第14話「真実」
私はお爺様の家の前に来ていた。
着いた瞬間、驚いた。お爺様は家の前に立ち、私を待っていたのだ。
「そろそろ、来るんじゃないかと思っていたよ」
「ホント――なんでもお分かりなんですね?」
お爺様は私の問いに渋い顔をした。
「そうでもないよ。蔡蔵の行動は予想外だった。まさか、精鋭部隊だけでなく、一般市民である彼まで見捨てるとは――あってはならないことだ」
その言葉には怒気が含まれていた。息子への怒りと失望が伺えた。
「お爺様はお父様が今どこにいるのか知っておられるのですか?」
「大方の予想つく。だが――訊きたいのはそんなことではないだろう?」
「――はい、その通りです。あの殺人鬼と私、そしてお母様との関係、全部話して頂けますか?」
「わかった――とりあえず、外でする話はないから、中にお入りなさい」
お爺様から厳しい表情は消え、いつもの穏和な表情に戻る。そして、私に背を向け、家の中に入っていく。

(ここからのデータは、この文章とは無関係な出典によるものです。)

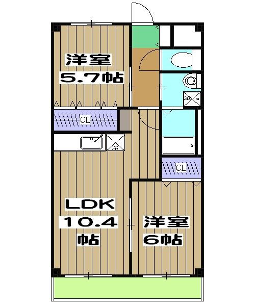 | 間取り | 2LDK(洋6.0 洋5.7 LDK10.4) | 築年月(築年数) | 2010年6月(築15年7ヶ月) |

その背中を見た瞬間、私は顔を強ばらせた。その背中は穏和な表情とは違い、一ノ宮の先代当主としての威厳と威圧に満ちていた。それは覚悟の証拠だった。これからする話に、それほどの覚悟が必要だということか――。
居間に通されると、お爺様が私にあるものを手渡してきた。
「――これは?」
それは一枚の写真だった。その写真には、一人の綺麗な女性と、その女性に抱えられた二人の赤子が映っていた。女性はその二人の赤子に優しい微笑みを浮かべている。
「双子――? それに、この女性――」
その女性の顔には見覚えがあった。私の記憶の片隅に。
「おかあ、さま――?」
私はお母様の顔を覚えていない。私が7歳の頃に病気で死んでしまった母の顔を。7歳ならば、本来物心がつき、覚えていてよさそうなものだが、私の場合は覚えていなかった。いや――思い出すことができなかっただけなのか――。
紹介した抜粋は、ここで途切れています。